======== Supplied entries

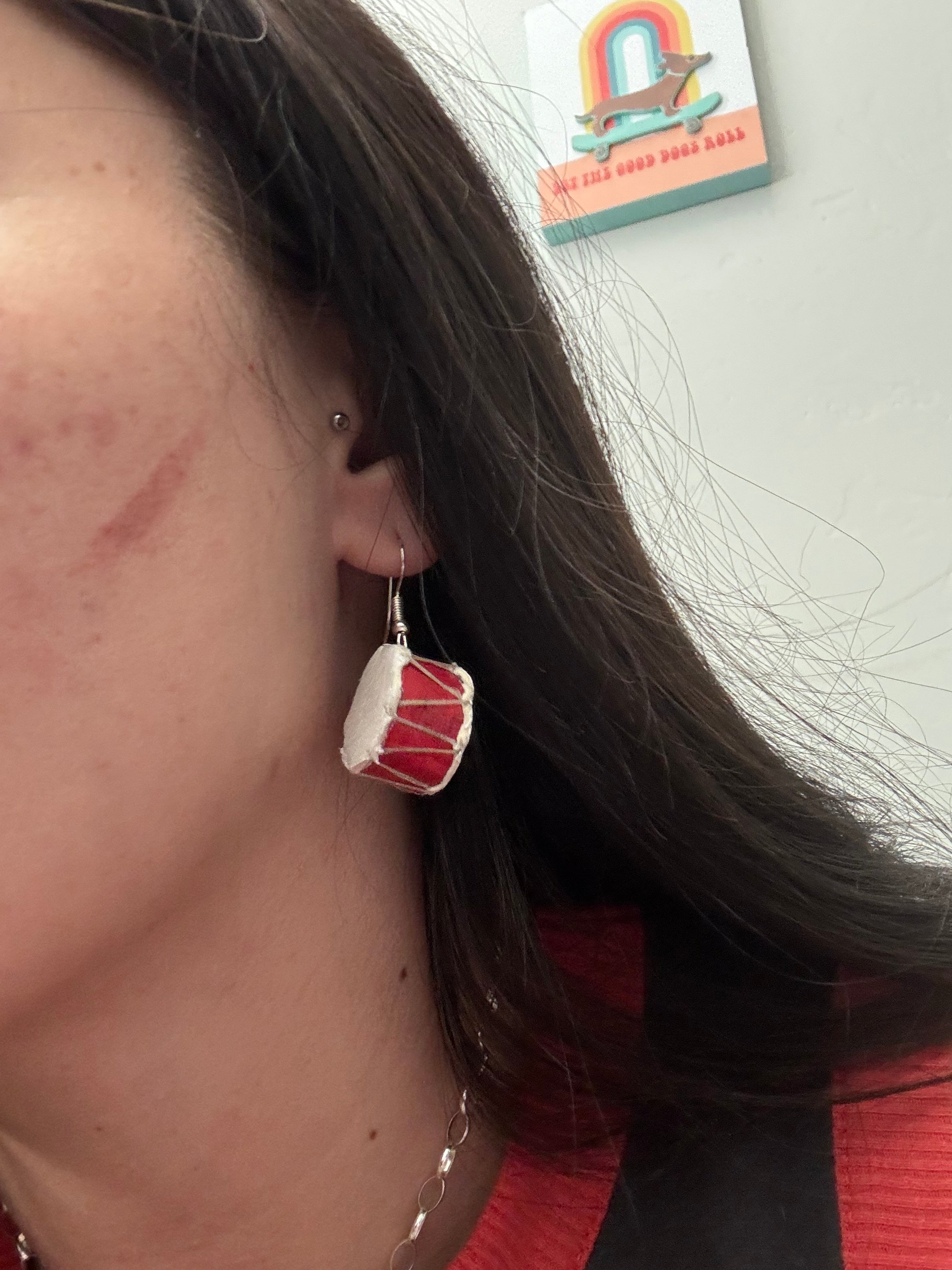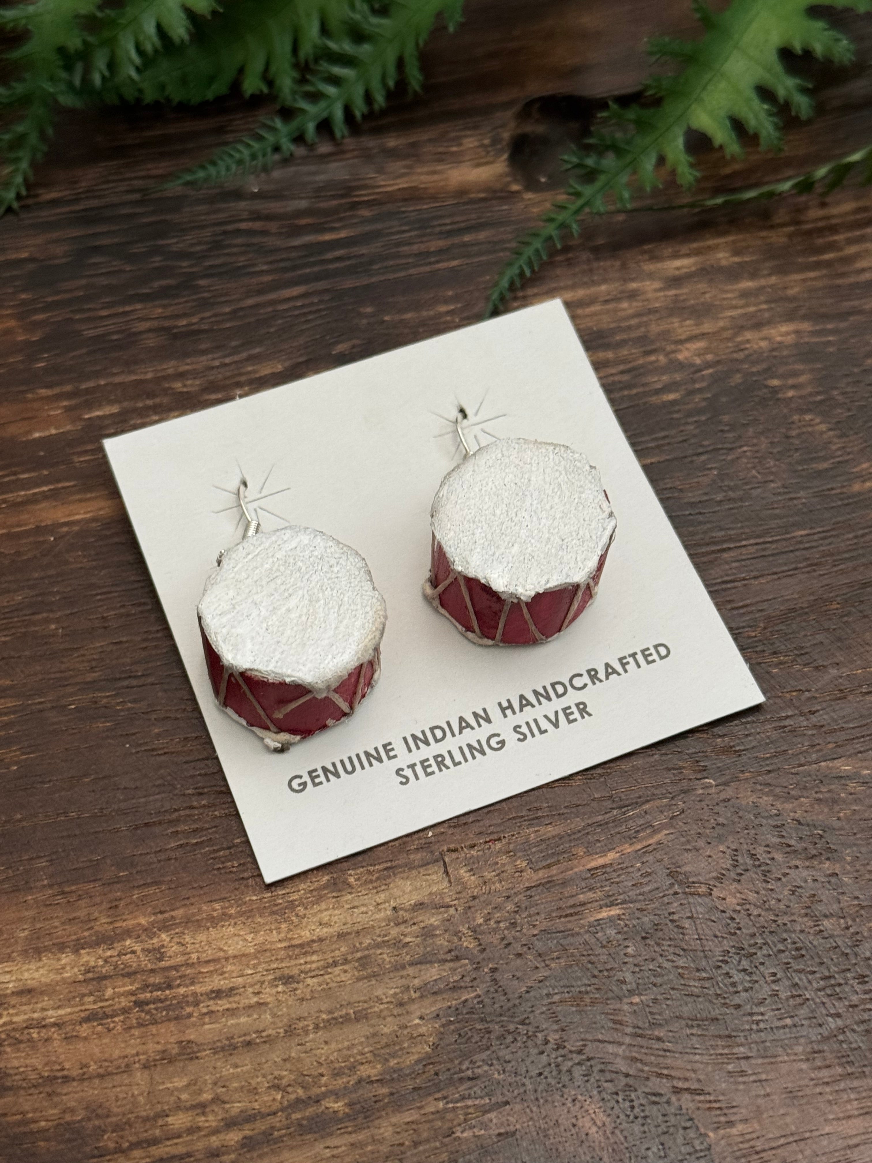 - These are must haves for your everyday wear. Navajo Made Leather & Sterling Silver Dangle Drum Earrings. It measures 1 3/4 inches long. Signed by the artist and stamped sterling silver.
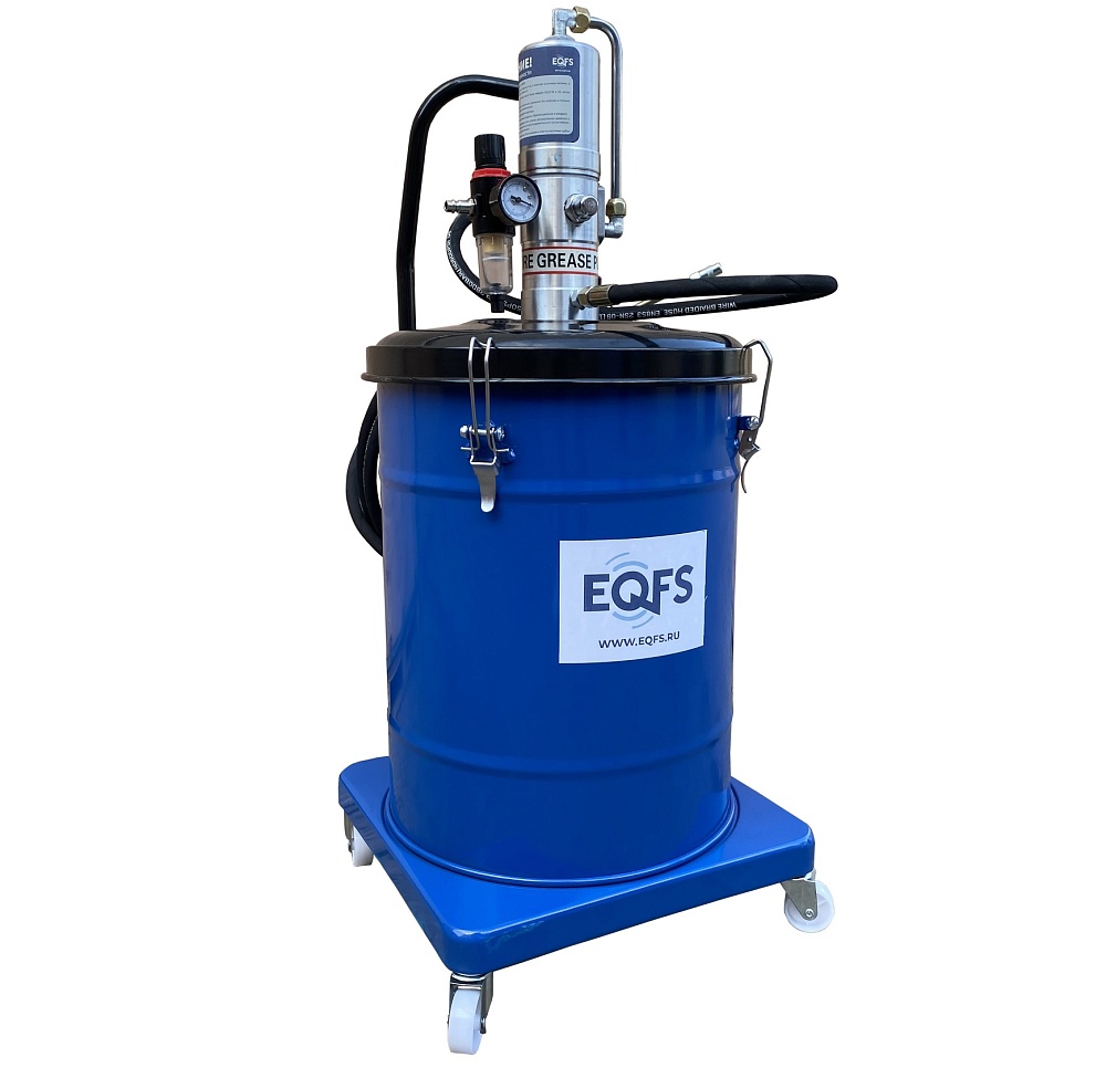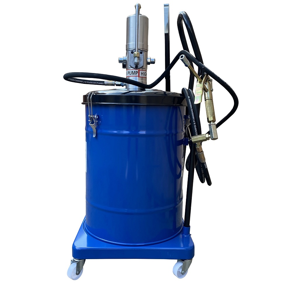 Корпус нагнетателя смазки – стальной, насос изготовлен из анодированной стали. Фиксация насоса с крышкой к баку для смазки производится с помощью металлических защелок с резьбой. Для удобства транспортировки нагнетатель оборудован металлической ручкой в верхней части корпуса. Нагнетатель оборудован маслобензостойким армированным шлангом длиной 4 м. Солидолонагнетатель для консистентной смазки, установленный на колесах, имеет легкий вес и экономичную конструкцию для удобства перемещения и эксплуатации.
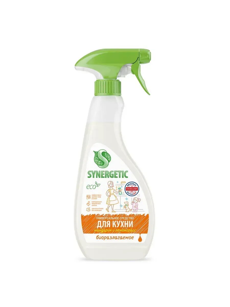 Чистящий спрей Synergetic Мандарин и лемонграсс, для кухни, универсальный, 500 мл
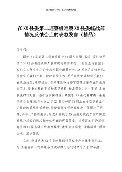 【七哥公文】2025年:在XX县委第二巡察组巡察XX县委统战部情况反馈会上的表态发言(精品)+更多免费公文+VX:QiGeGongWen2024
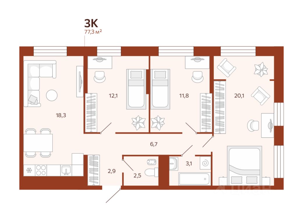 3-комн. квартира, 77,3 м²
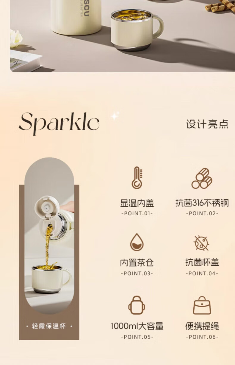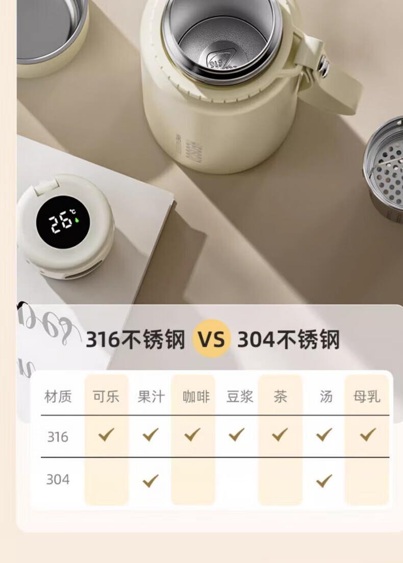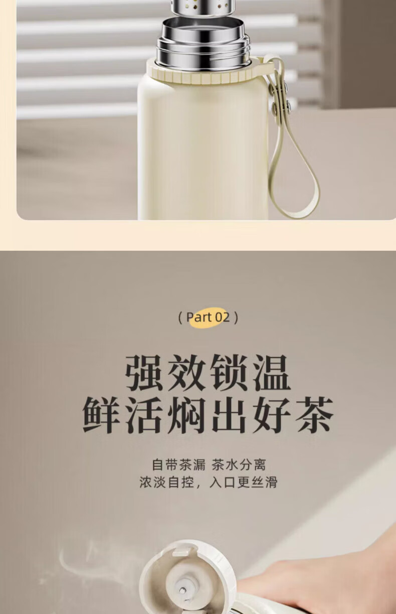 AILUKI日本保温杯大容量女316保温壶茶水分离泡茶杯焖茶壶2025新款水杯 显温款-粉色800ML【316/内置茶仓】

================
======== Supplied entries

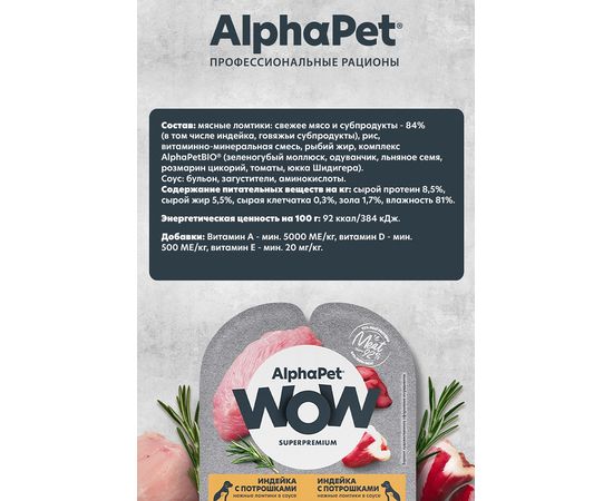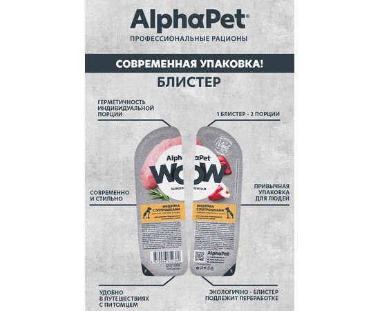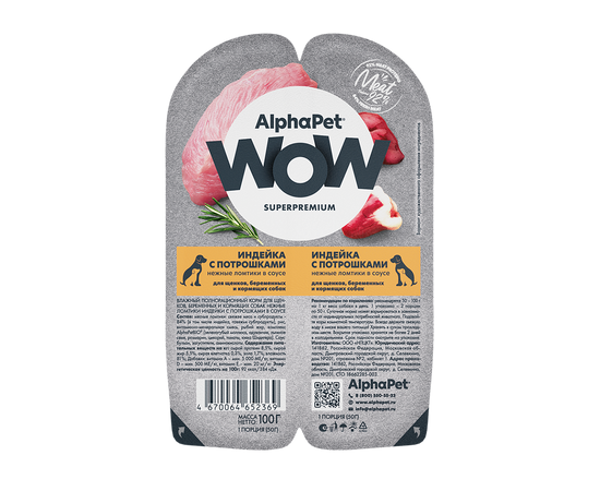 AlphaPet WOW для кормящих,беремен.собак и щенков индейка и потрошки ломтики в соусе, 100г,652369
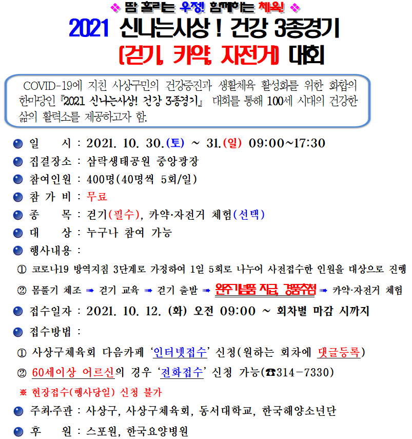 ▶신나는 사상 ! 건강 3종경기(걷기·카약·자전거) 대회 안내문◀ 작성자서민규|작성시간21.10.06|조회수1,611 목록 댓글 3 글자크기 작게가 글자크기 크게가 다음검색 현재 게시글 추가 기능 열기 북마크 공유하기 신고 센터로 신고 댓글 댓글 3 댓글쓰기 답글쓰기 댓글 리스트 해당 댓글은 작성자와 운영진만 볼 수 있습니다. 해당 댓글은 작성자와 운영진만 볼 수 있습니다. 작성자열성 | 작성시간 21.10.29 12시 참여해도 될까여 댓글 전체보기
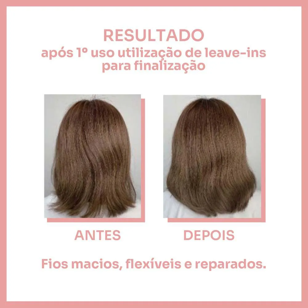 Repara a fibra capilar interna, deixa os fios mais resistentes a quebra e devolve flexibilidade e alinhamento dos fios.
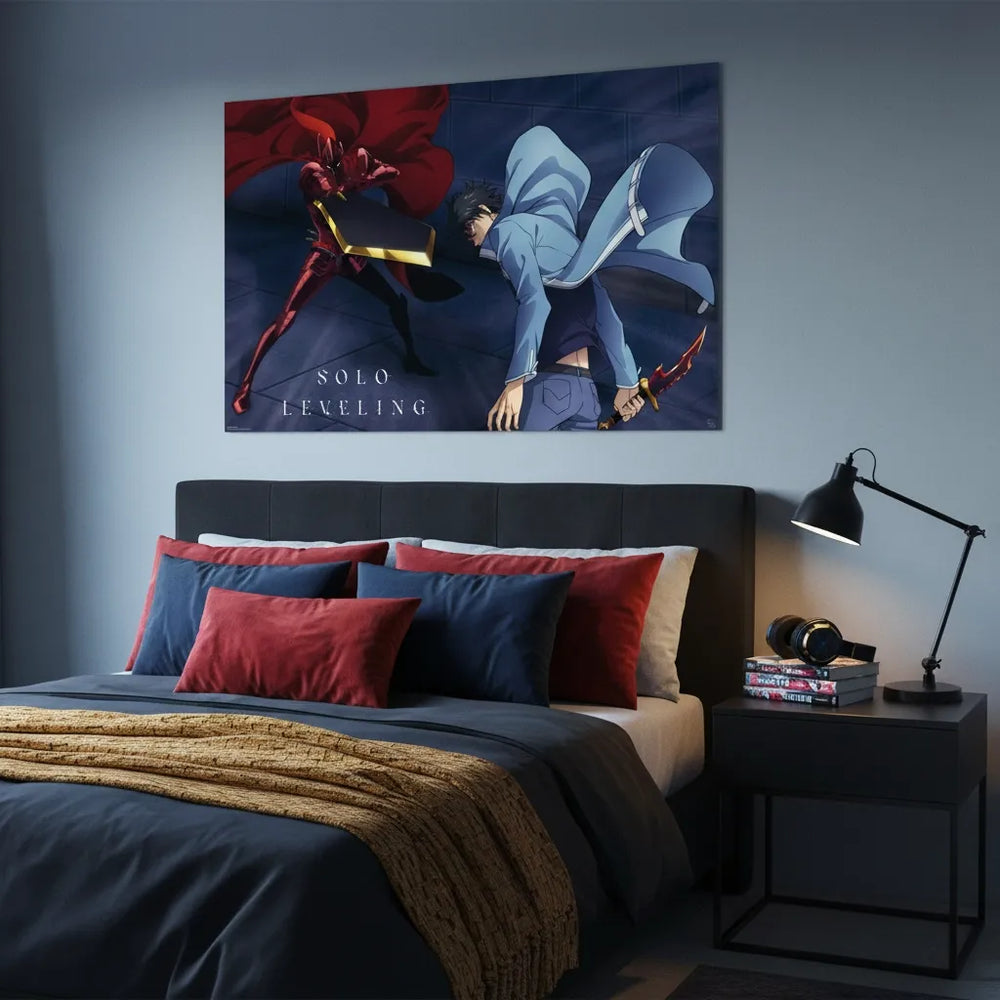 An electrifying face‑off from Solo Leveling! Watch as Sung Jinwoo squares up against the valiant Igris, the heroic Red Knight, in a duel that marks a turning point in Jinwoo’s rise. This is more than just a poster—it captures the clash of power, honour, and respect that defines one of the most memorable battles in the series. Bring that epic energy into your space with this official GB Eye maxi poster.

================

Task directions – Would you give again, exactly, the lines in the data above that run from the line containing "될까여 댓글 전체보기" to the line containing "An electrifying face‑off"? Include both ends and no pictures.

Solution to this exercise –
 ▶신나는 사상 ! 건강 3종경기(걷기·카약·자전거) 대회 안내문◀ 작성자서민규|작성시간21.10.06|조회수1,611 목록 댓글 3 글자크기 작게가 글자크기 크게가 다음검색 현재 게시글 추가 기능 열기 북마크 공유하기 신고 센터로 신고 댓글 댓글 3 댓글쓰기 답글쓰기 댓글 리스트 해당 댓글은 작성자와 운영진만 볼 수 있습니다. 해당 댓글은 작성자와 운영진만 볼 수 있습니다. 작성자열성 | 작성시간 21.10.29 12시 참여해도 될까여 댓글 전체보기
 Repara a fibra capilar interna, deixa os fios mais resistentes a quebra e devolve flexibilidade e alinhamento dos fios.
 An electrifying face‑off from Solo Leveling! Watch as Sung Jinwoo squares up against the valiant Igris, the heroic Red Knight, in a duel that marks a turning point in Jinwoo’s rise. This is more than just a poster—it captures the clash of power, honour, and respect that defines one of the most memorable battles in the series. Bring that epic energy into your space with this official GB Eye maxi poster.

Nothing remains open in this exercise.